[Opening Extracted records section]
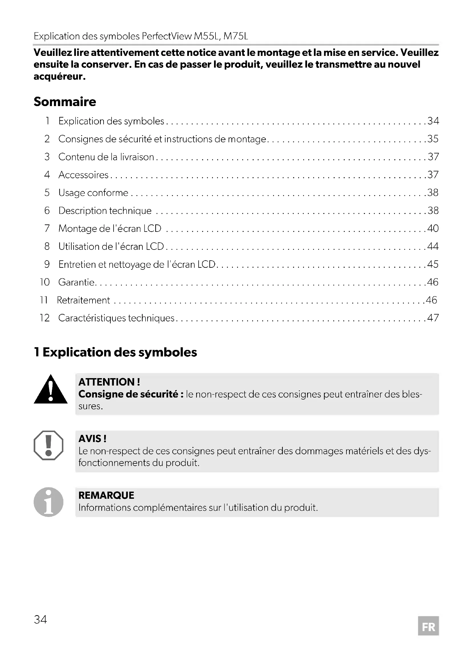 ATTENTION ! Consigne de sécurité : le non-respect de ces consignes peut entraîner des bles- sures. AVIS ! Le non-respect de ces consignes peut entraîner des dommages matériels et des dys- fonctionnements du produit. REMARQUE Informations complémentaires sur l'utilisation du produit. M55L-M75L-IO-16s.book Seite 34 Mittwoch, 20. Dezember 2017 12:32 12PerfectView M55L, M75L Consignes de sécurité et instructions de montage
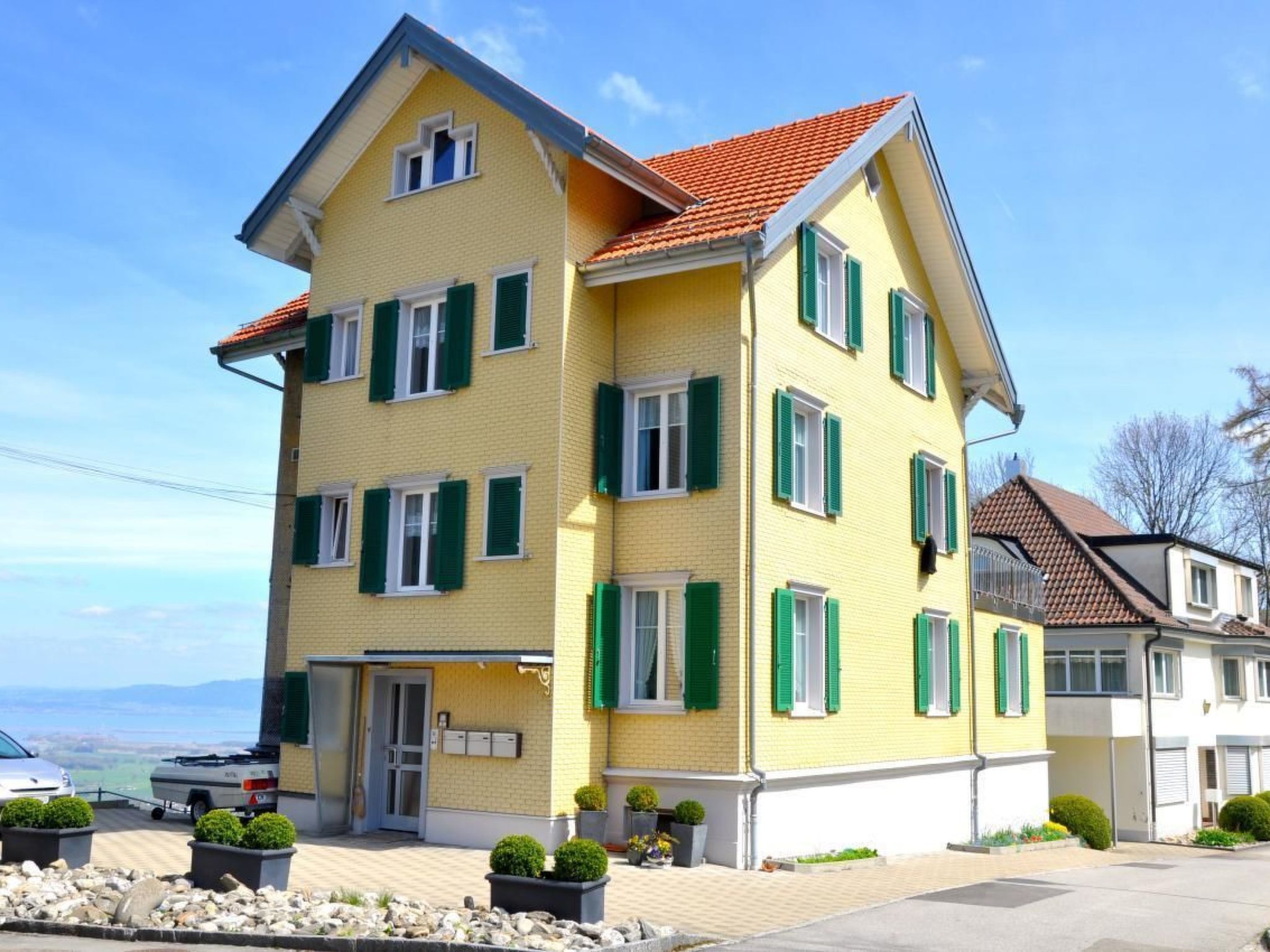 Im Außenbereich der Ferienwohnung können Sie die spektakuläre Aussicht und die friedvolle Ruhe des Appenzellerlandes vollends genießen. Es gibt genügend Platz, sich in der Sonne zu aalen oder einfach die frische Luft in einer der malerischsten Umgebungen der Schweiz zu genießen. Die zur Verfügung stehenden Parkplätze machen die Anreise unkompliziert und sorgenfrei.
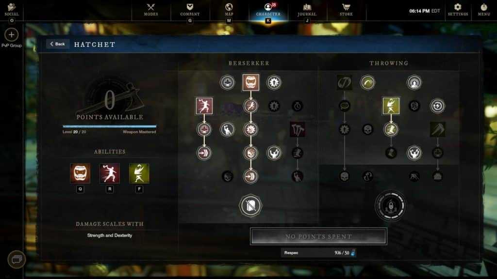 For this build you are going to utilize your hatchet for damage, crowd control breaks, an additional dodge, and self sustain. The recommended active abilities for the hatchet are the following:
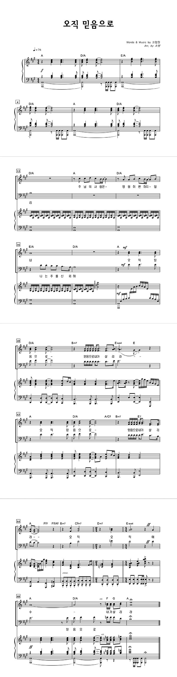 | 오직 믿음으로 | 성가 2부 + 피아노 반주 |
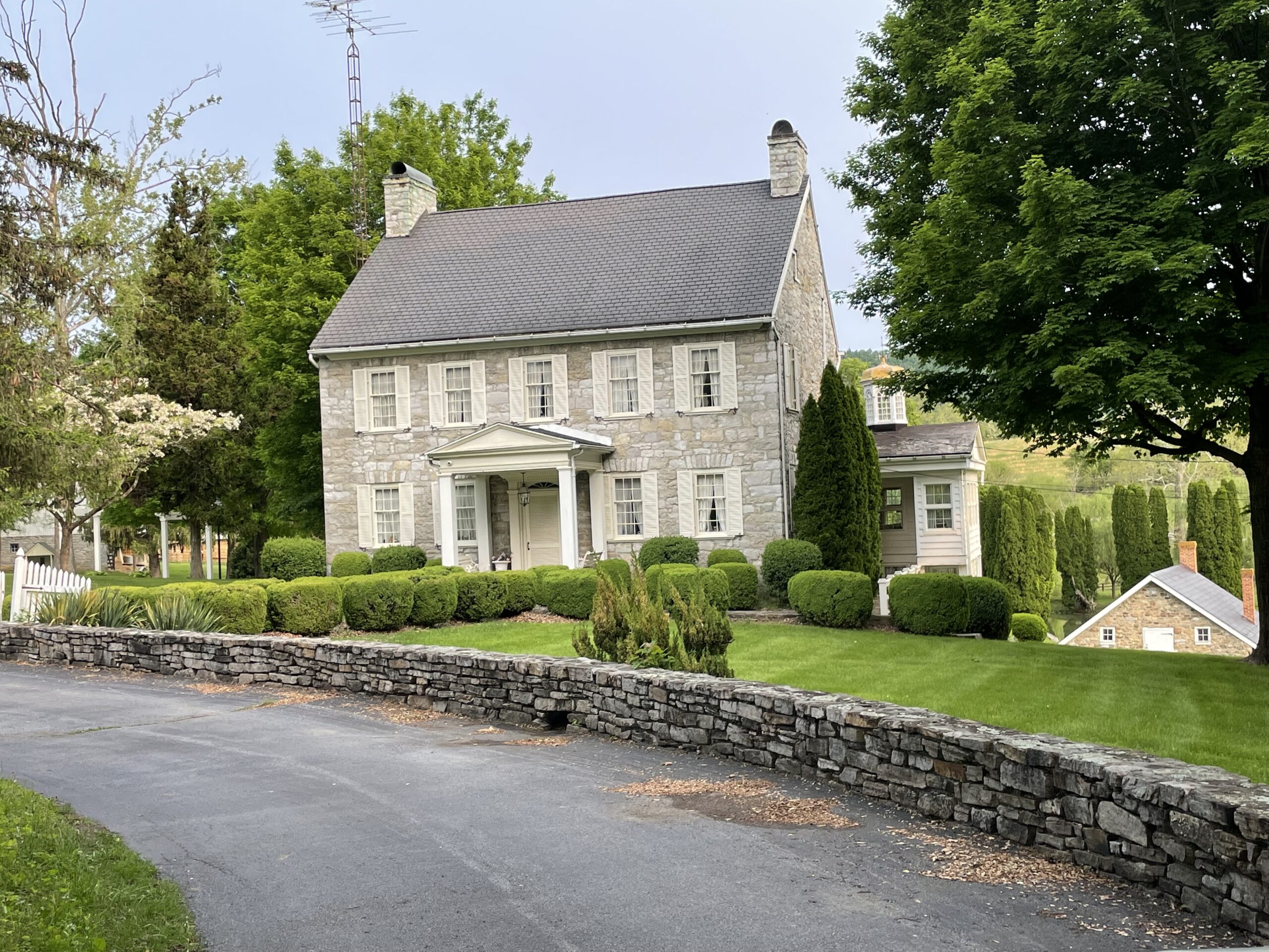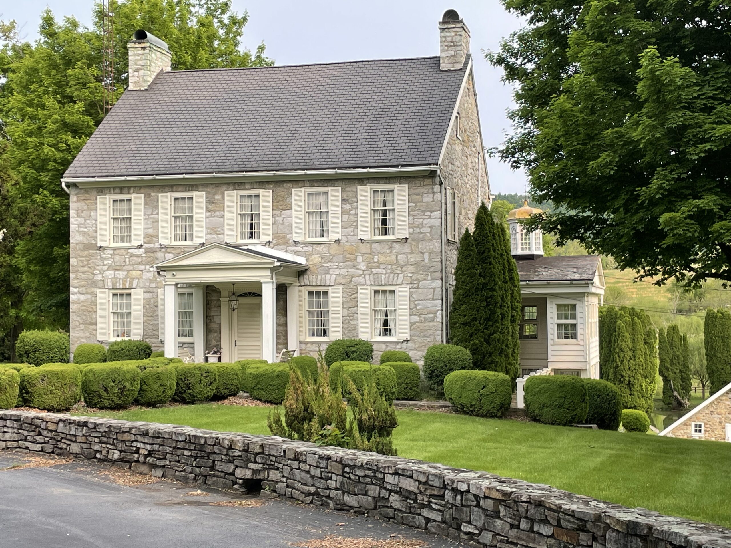 Ed and Katy Frye, along with their son Michael, continued with restoring and enhancing the property. They added the glass porch with the copper roof onto the house, repointed the stone on the main house, replaced the dam in the pond, replaced the roofs on all of the buildings. Katy, herself, laid a large portion of the stone wall around the pond.
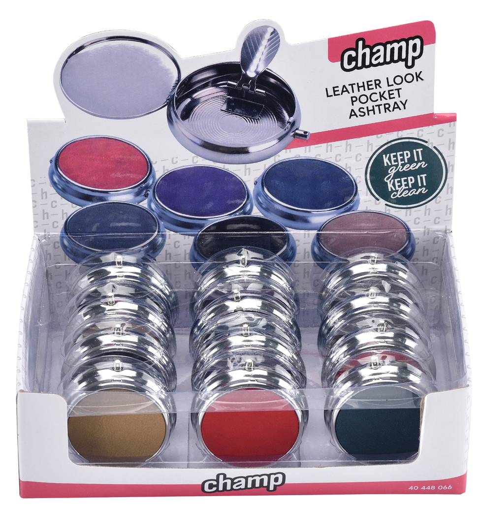 Taschenascher/Aschenbecher Leather Look 6/f - 5.0x5.0x1.7cm 12er T-Dsp.
[Closing Extracted records section]
(About this task): Copy only what runs above from the line containing "Im Außenbereich der" through the line containing "2부 + 피아노 반주 |", exactly. Leave out the pictures.

(Answer box):
 Im Außenbereich der Ferienwohnung können Sie die spektakuläre Aussicht und die friedvolle Ruhe des Appenzellerlandes vollends genießen. Es gibt genügend Platz, sich in der Sonne zu aalen oder einfach die frische Luft in einer der malerischsten Umgebungen der Schweiz zu genießen. Die zur Verfügung stehenden Parkplätze machen die Anreise unkompliziert und sorgenfrei.
 For this build you are going to utilize your hatchet for damage, crowd control breaks, an additional dodge, and self sustain. The recommended active abilities for the hatchet are the following:
 | 오직 믿음으로 | 성가 2부 + 피아노 반주 |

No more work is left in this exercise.